WHAT YOU NEED TO DO: Return the listing below verbatim. Pictures do not belong in the copy.

SUPPLIED INFORMATION:
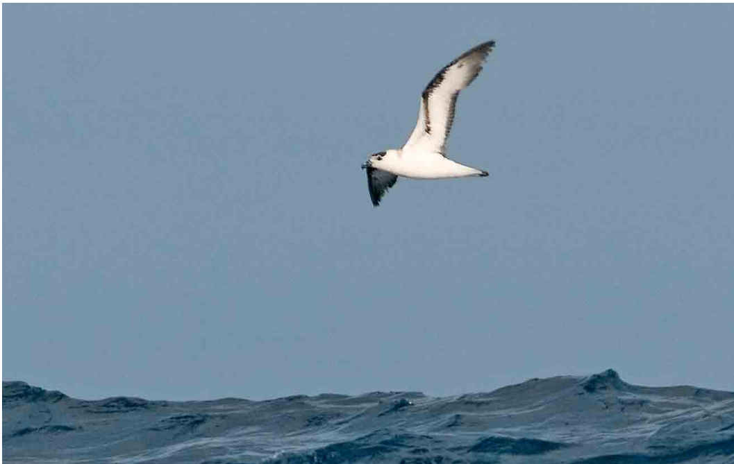
324 Black-capped Petrel / Zwartkapstormvogel Pterodroma hasitata , c 16 km south-east off Graciosa, Azores, 26 May 2007
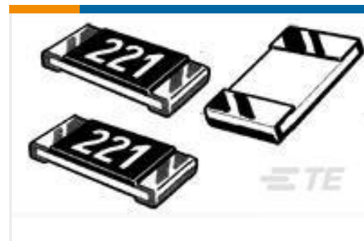
TE Part #2-2176231-1 3522 68R 1% 3W
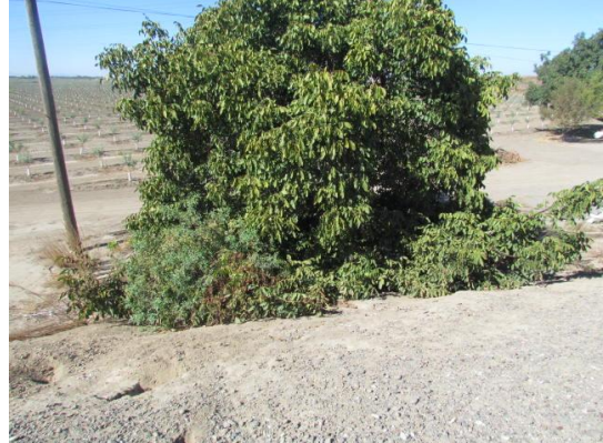
Looking west at untrimmed tree at landward toe fall 2015.

FINISHED TASK:
324 Black-capped Petrel / Zwartkapstormvogel Pterodroma hasitata , c 16 km south-east off Graciosa, Azores, 26 May 2007
TE Part #2-2176231-1 3522 68R 1% 3W
Looking west at untrimmed tree at landward toe fall 2015.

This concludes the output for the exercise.